■ Raw data:
——————————

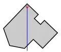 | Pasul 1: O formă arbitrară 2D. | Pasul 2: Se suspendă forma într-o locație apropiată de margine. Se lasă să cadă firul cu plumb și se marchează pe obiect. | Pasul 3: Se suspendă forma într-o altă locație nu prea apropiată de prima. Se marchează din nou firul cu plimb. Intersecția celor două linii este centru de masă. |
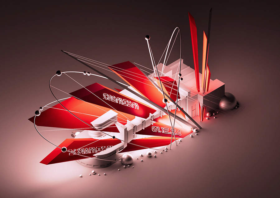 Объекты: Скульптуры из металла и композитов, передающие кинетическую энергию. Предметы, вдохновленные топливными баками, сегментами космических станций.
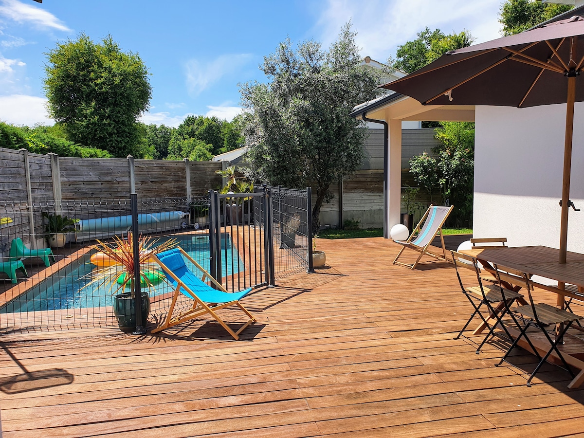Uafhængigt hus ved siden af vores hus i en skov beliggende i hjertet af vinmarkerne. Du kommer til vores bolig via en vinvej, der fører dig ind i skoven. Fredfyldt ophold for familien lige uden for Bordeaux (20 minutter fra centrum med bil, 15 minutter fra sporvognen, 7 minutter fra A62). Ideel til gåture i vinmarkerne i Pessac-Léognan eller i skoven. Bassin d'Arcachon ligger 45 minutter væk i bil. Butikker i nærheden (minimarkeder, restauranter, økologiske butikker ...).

——————————

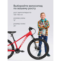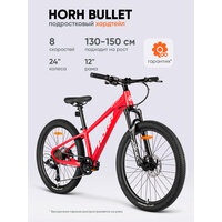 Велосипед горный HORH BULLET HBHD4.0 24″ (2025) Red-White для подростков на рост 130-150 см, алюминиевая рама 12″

——————————

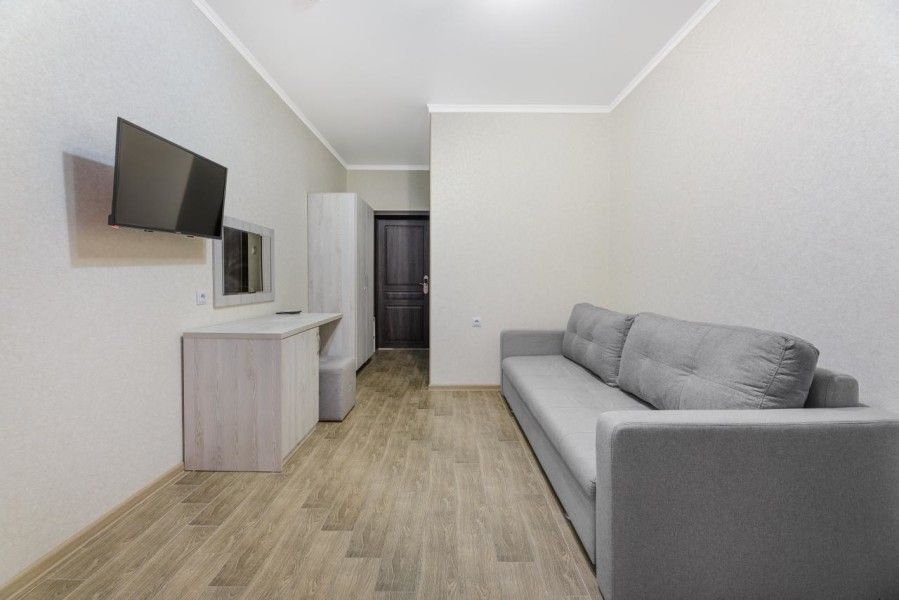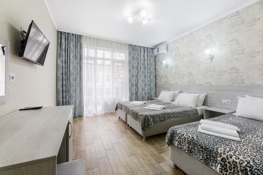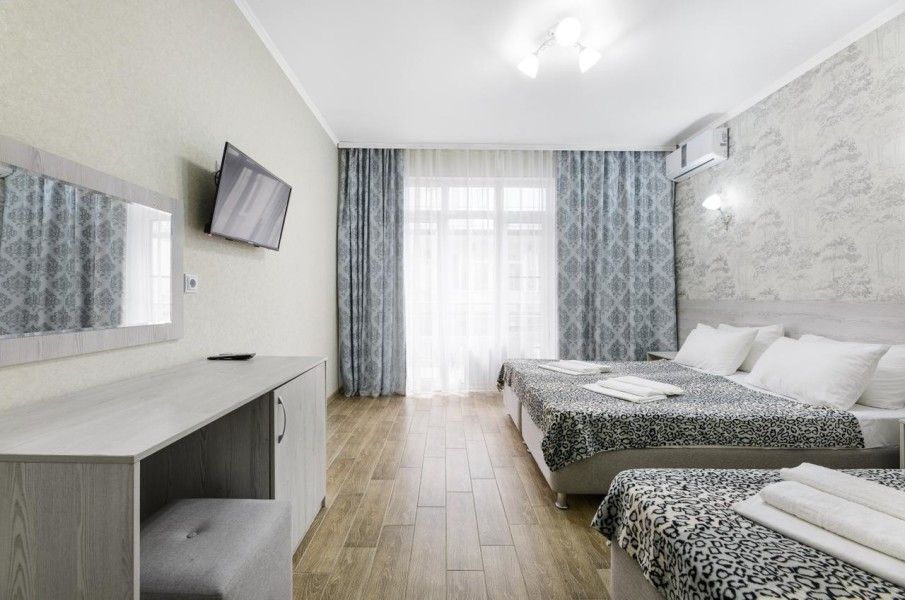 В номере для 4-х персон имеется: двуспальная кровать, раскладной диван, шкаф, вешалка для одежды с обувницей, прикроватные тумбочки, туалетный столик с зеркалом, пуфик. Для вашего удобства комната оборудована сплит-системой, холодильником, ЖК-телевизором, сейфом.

——————————

Starting with the line that has "centru de masă. |" and ending with the line that has "Объекты: Скульптуры из", repeat the lines above exactly, omitting every picture.

■ Answer:
 | Pasul 1: O formă arbitrară 2D. | Pasul 2: Se suspendă forma într-o locație apropiată de margine. Se lasă să cadă firul cu plumb și se marchează pe obiect. | Pasul 3: Se suspendă forma într-o altă locație nu prea apropiată de prima. Se marchează din nou firul cu plimb. Intersecția celor două linii este centru de masă. |
 Объекты: Скульптуры из металла и композитов, передающие кинетическую энергию. Предметы, вдохновленные топливными баками, сегментами космических станций.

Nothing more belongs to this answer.